▸ WHAT YOU HAVE TO DO
In the records below, repeat exactly the lines between the line holding "Bladvormige asbak met" and the line holding "LOT: 43133041 VIN: 1N6AA1EFXMN511516", inclusive, and drop the pictures.

▸ MATERIALS PROVIDED
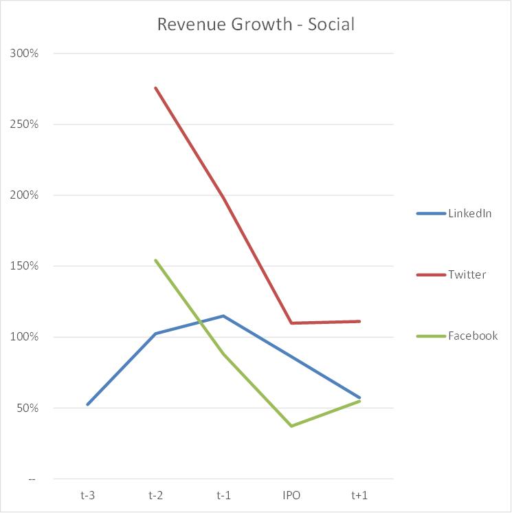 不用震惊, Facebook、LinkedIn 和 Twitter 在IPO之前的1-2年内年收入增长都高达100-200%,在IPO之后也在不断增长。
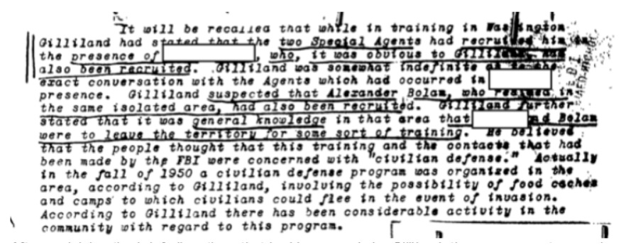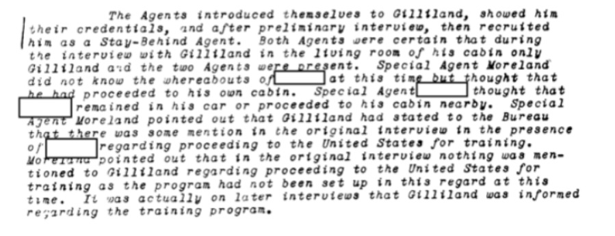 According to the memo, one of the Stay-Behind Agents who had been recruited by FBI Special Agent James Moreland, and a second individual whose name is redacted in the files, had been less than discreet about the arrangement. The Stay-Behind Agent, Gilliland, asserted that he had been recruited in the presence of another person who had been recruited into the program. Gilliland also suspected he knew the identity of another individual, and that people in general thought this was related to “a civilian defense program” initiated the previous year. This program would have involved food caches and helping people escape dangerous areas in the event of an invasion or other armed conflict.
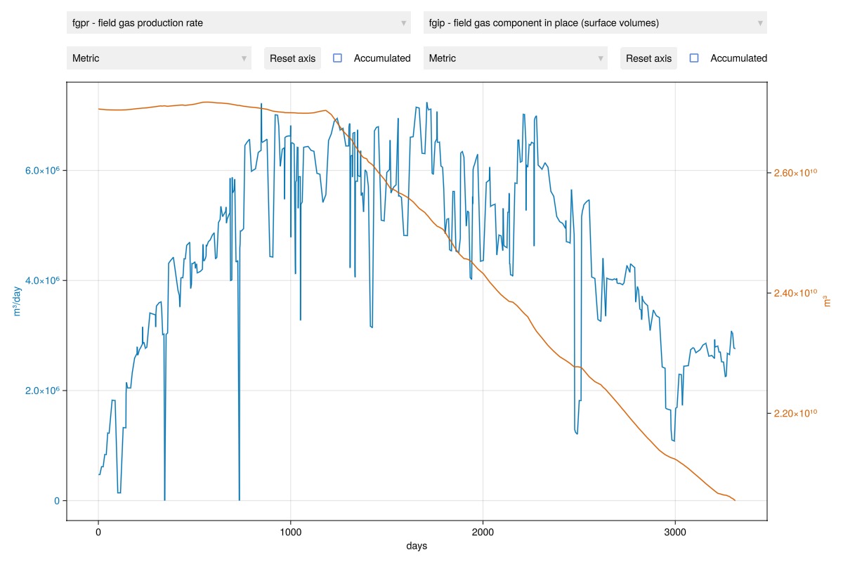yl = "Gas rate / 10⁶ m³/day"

* * *

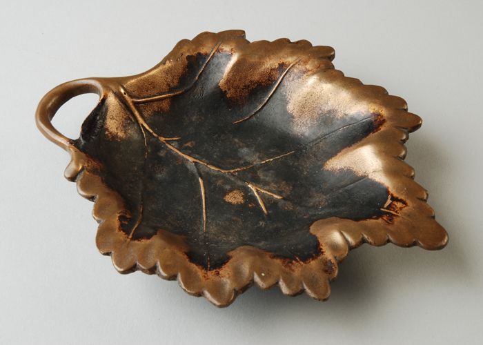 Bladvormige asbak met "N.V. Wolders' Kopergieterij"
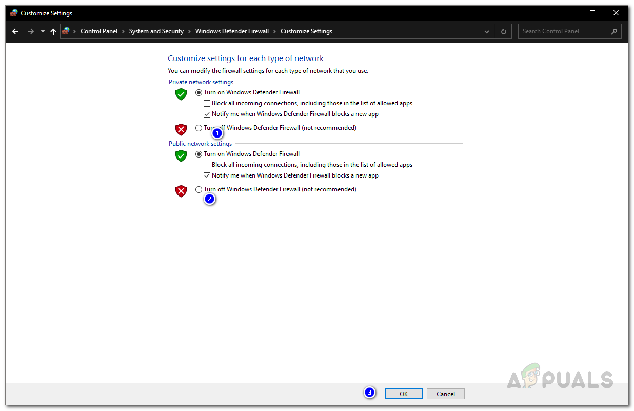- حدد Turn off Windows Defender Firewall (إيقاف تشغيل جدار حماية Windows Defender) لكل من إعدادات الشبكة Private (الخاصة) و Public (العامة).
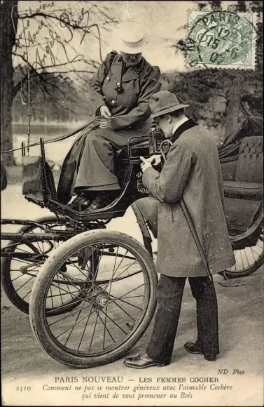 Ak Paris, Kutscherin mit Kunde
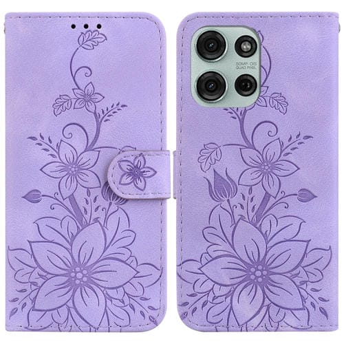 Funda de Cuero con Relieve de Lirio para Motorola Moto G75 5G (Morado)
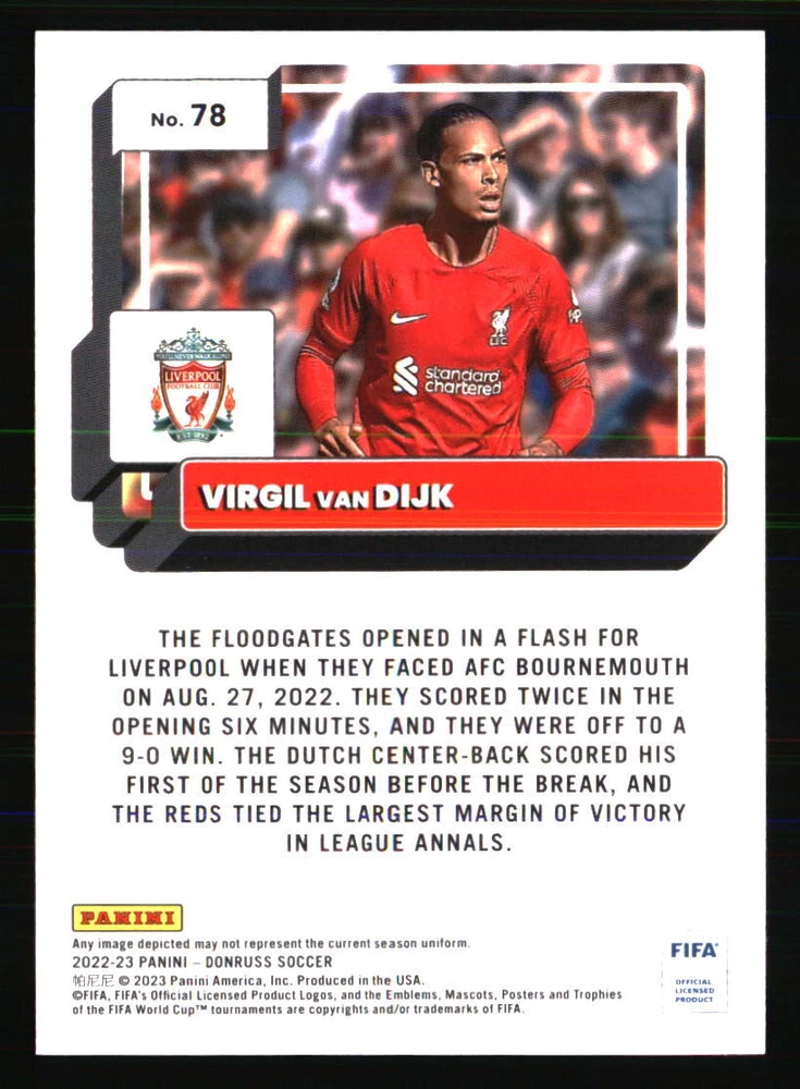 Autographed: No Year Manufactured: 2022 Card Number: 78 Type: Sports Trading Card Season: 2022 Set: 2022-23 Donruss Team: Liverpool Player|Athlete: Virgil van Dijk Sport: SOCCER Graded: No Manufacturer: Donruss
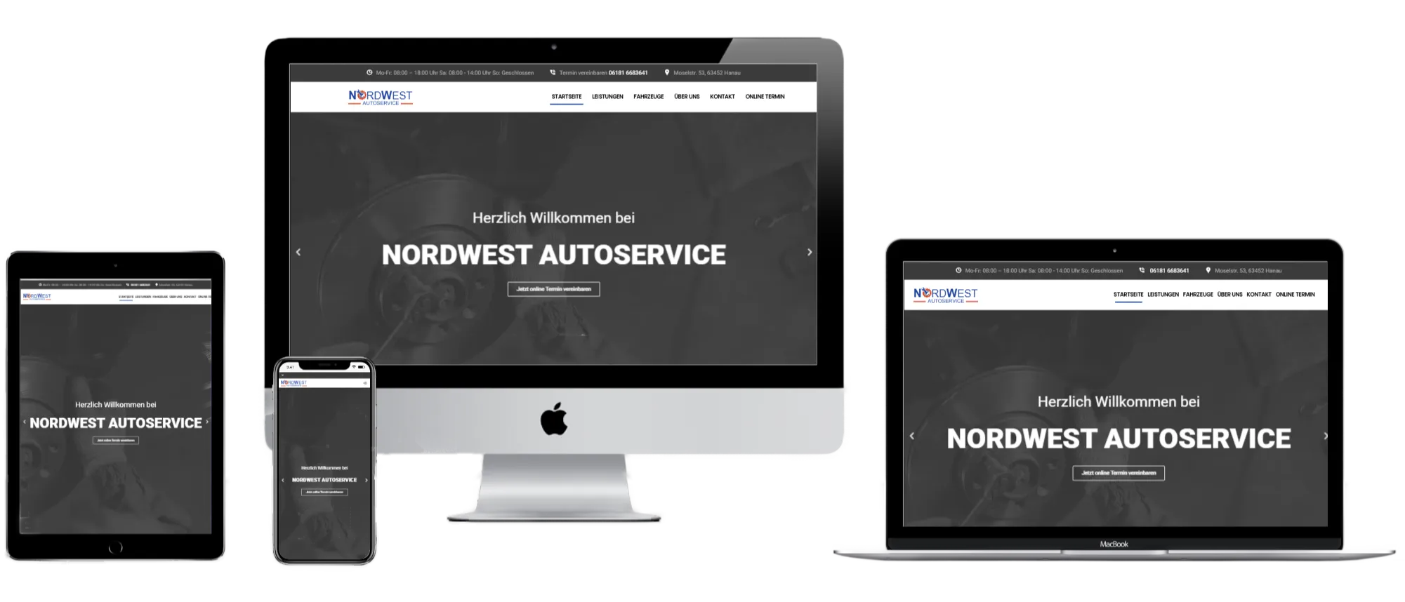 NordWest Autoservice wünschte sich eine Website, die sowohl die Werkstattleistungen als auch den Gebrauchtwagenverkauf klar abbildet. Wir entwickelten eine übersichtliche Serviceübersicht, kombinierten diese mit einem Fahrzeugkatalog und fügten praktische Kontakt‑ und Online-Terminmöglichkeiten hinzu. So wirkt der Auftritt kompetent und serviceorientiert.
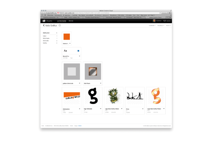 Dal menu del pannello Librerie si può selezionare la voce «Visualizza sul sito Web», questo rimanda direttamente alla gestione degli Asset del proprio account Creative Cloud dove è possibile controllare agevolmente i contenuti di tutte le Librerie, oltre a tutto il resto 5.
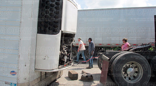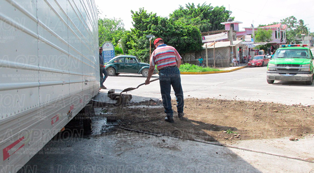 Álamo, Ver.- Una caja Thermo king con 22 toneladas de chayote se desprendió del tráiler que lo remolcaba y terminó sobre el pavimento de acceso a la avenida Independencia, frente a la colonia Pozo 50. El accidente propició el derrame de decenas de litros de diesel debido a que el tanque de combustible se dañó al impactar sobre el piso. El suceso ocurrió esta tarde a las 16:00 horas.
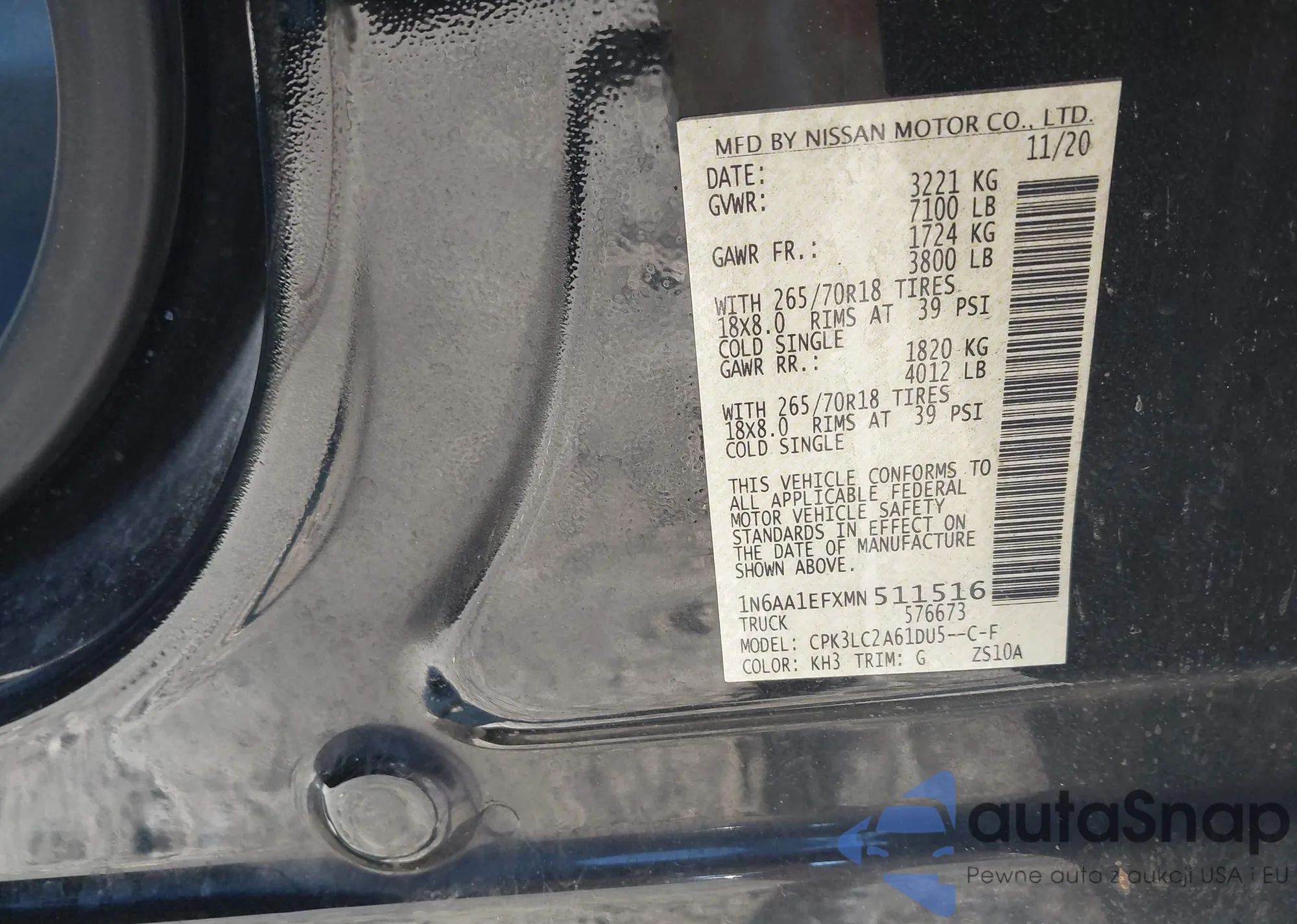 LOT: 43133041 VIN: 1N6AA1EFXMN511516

==

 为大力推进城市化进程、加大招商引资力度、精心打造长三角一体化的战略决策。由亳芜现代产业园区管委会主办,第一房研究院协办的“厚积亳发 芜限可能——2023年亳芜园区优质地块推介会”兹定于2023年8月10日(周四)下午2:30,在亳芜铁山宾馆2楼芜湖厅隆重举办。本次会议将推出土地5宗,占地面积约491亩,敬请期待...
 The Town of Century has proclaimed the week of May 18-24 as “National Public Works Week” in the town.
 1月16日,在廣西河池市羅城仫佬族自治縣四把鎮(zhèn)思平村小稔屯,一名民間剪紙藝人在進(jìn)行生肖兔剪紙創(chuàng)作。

▸ TASK RESPONSE
 Bladvormige asbak met "N.V. Wolders' Kopergieterij"
- حدد Turn off Windows Defender Firewall (إيقاف تشغيل جدار حماية Windows Defender) لكل من إعدادات الشبكة Private (الخاصة) و Public (العامة).
 Ak Paris, Kutscherin mit Kunde
 Funda de Cuero con Relieve de Lirio para Motorola Moto G75 5G (Morado)
 Autographed: No Year Manufactured: 2022 Card Number: 78 Type: Sports Trading Card Season: 2022 Set: 2022-23 Donruss Team: Liverpool Player|Athlete: Virgil van Dijk Sport: SOCCER Graded: No Manufacturer: Donruss
 NordWest Autoservice wünschte sich eine Website, die sowohl die Werkstattleistungen als auch den Gebrauchtwagenverkauf klar abbildet. Wir entwickelten eine übersichtliche Serviceübersicht, kombinierten diese mit einem Fahrzeugkatalog und fügten praktische Kontakt‑ und Online-Terminmöglichkeiten hinzu. So wirkt der Auftritt kompetent und serviceorientiert.
 Dal menu del pannello Librerie si può selezionare la voce «Visualizza sul sito Web», questo rimanda direttamente alla gestione degli Asset del proprio account Creative Cloud dove è possibile controllare agevolmente i contenuti di tutte le Librerie, oltre a tutto il resto 5.
 Álamo, Ver.- Una caja Thermo king con 22 toneladas de chayote se desprendió del tráiler que lo remolcaba y terminó sobre el pavimento de acceso a la avenida Independencia, frente a la colonia Pozo 50. El accidente propició el derrame de decenas de litros de diesel debido a que el tanque de combustible se dañó al impactar sobre el piso. El suceso ocurrió esta tarde a las 16:00 horas.
 LOT: 43133041 VIN: 1N6AA1EFXMN511516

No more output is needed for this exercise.